→ WHAT YOU HAVE TO DO
Exactly as written, return all the data, leaving its pictures behind.

——

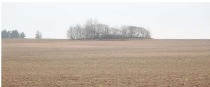
Рисунок 6 – Долговременная огневая точка № 159

1,5 км едем до артиллерийского капонира № 06 (рисунок 7) 1933 года постройки. Эта артиллерийская точка известна тем, что в июне 1941 года три дня удерживала немецкие танки на подступах к Минску. Оснащен капонир был четырьмя 76 мм пушками образца 1902 года (по две с каждой стороны). Гарнизон капонира – 22 человека. Это артиллерийское сооружение – пример наиболее удачного использования оружейных точек во всем Минском укрепрайоне. Осмотр сооружения. Салют памяти в честь павших героев. Организация питания на свежем воздухе (солдатская каша с тушенкой, чай и «фронтовые сто грамм»).
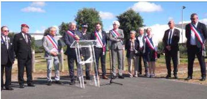
Présence d'autorités civiles et militaires
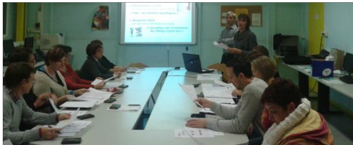
La formation est appréciée par les parents délégués.

Les membres du comité local, ainsi que les représentants FCPE des différents établissements, tous bénévoles, sont à l'écoute de tous les parents et joignables par téléphone, courriel ou par notre site internet : www.fcpe-saint-avold.com.
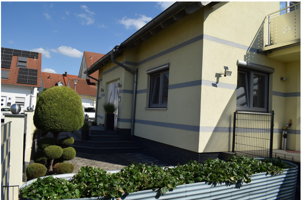
Haus / Gartenblick

——

→ TASK SOLUTION
Рисунок 6 – Долговременная огневая точка № 159

1,5 км едем до артиллерийского капонира № 06 (рисунок 7) 1933 года постройки. Эта артиллерийская точка известна тем, что в июне 1941 года три дня удерживала немецкие танки на подступах к Минску. Оснащен капонир был четырьмя 76 мм пушками образца 1902 года (по две с каждой стороны). Гарнизон капонира – 22 человека. Это артиллерийское сооружение – пример наиболее удачного использования оружейных точек во всем Минском укрепрайоне. Осмотр сооружения. Салют памяти в честь павших героев. Организация питания на свежем воздухе (солдатская каша с тушенкой, чай и «фронтовые сто грамм»).
Présence d'autorités civiles et militaires
La formation est appréciée par les parents délégués.

Les membres du comité local, ainsi que les représentants FCPE des différents établissements, tous bénévoles, sont à l'écoute de tous les parents et joignables par téléphone, courriel ou par notre site internet : www.fcpe-saint-avold.com.
Haus / Gartenblick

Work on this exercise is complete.